Let \(\mathrm{rank}(\boldsymbol A) = r\). Based on spectral theorem we can find an orthonormal system \(\boldsymbol v_1, \ldots, \boldsymbol v_r\) such that

\[ %\boldsymbol{AA}^\mathsf{T} \boldsymbol{u}_i = \sigma_i \boldsymbol u_i,\quad \boldsymbol A^\mathsf{T} \boldsymbol{Av}_i = \sigma_i^2 \boldsymbol v_i \]

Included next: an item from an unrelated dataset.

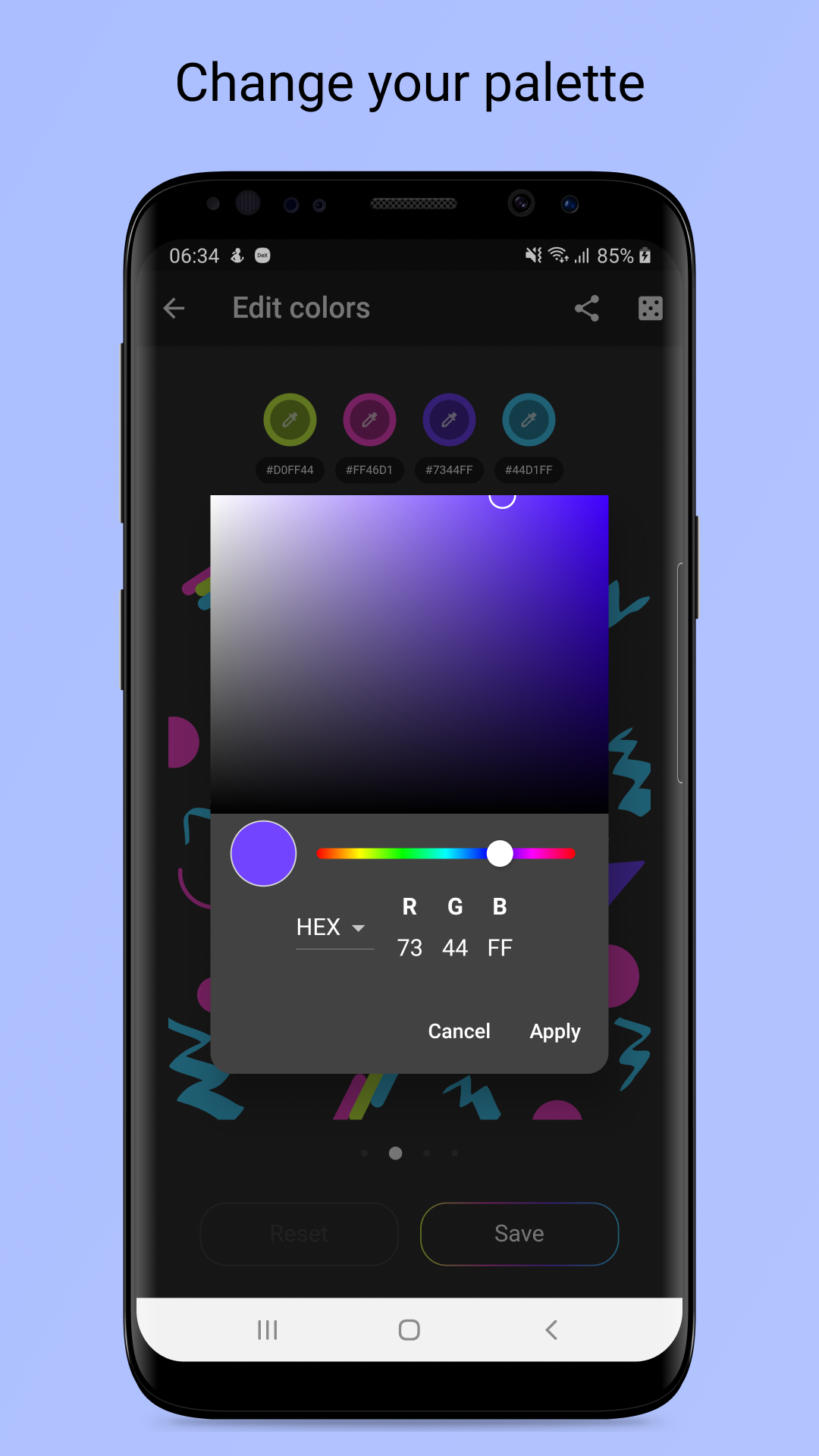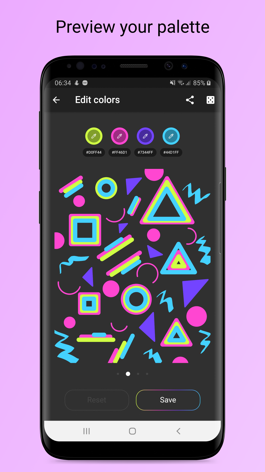 It is very important to balance the quantitative ratio of color in order to make your palette look harmonious in practice. The application has a convenient function to quickly swap colors in the images. There are 3 pictures and gradient in the palette editor's carousel. You can see how the selected colors look in different ratios, which changes randomly.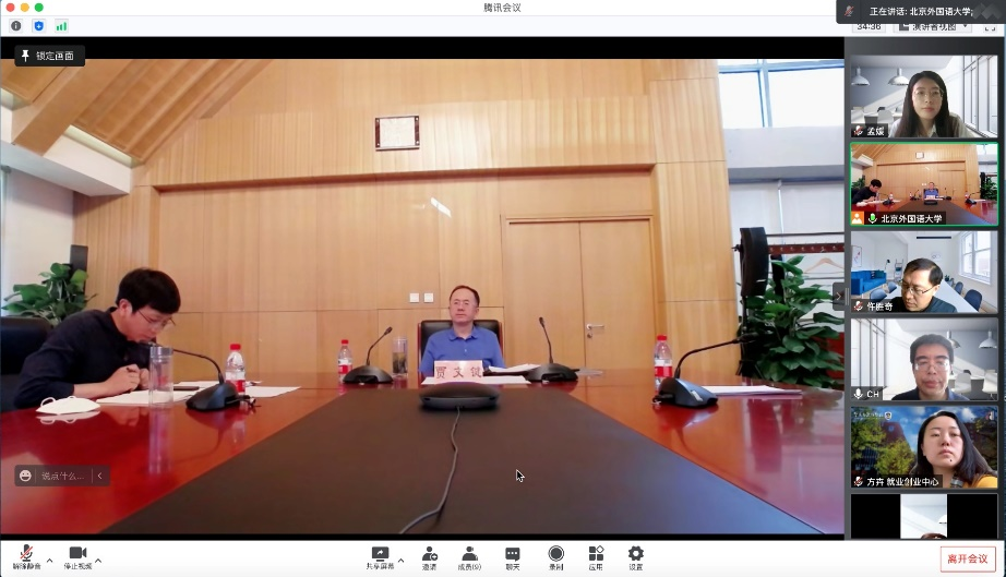 6月1日下午,北京外国语大学党委副书记、副校长贾文键带队到伟德国际victor1946进行就业创业工作专题调研。会议在行政楼504会议室设线下会场,通过云视频连线的形式线上线下进行。

for some values \(\sigma_1 \geqslant \ldots \geqslant \sigma_r > 0\). Vectors \(\boldsymbol u_i\) are defined by the equalities \(\boldsymbol{Av}_i = \sigma_i \boldsymbol u_i\), \(i=1,\ldots, r\). Now observe that

\[ \boldsymbol u_i^\mathsf{T} \boldsymbol u_j = \frac{(\boldsymbol{Av}_i)^\mathsf{T}}{\sigma_i}\frac{\boldsymbol{Av}_j}{\sigma_j} = \frac{\boldsymbol v_i^\mathsf{T}\boldsymbol A^\mathsf{T}\boldsymbol{Av}_j}{\sigma_i\sigma_j} = \frac{\sigma_j^2}{\sigma_i\sigma_j} \boldsymbol v_i^\mathsf{T}\boldsymbol v_j = \delta_{ij}. \]

Hence, system \(\boldsymbol u_1, \ldots, \boldsymbol u_r\) is also orthonormal. We can complete both systems \(\boldsymbol u_i\) and \(\boldsymbol v_j\) to orthonormal bases in \(\mathbb R^m\) and \(\mathbb R^n\) respectively. Since

\[ \mathrm{span}(\boldsymbol v_1, \ldots, \boldsymbol v_r) = C(\boldsymbol A^\mathsf{T}), \]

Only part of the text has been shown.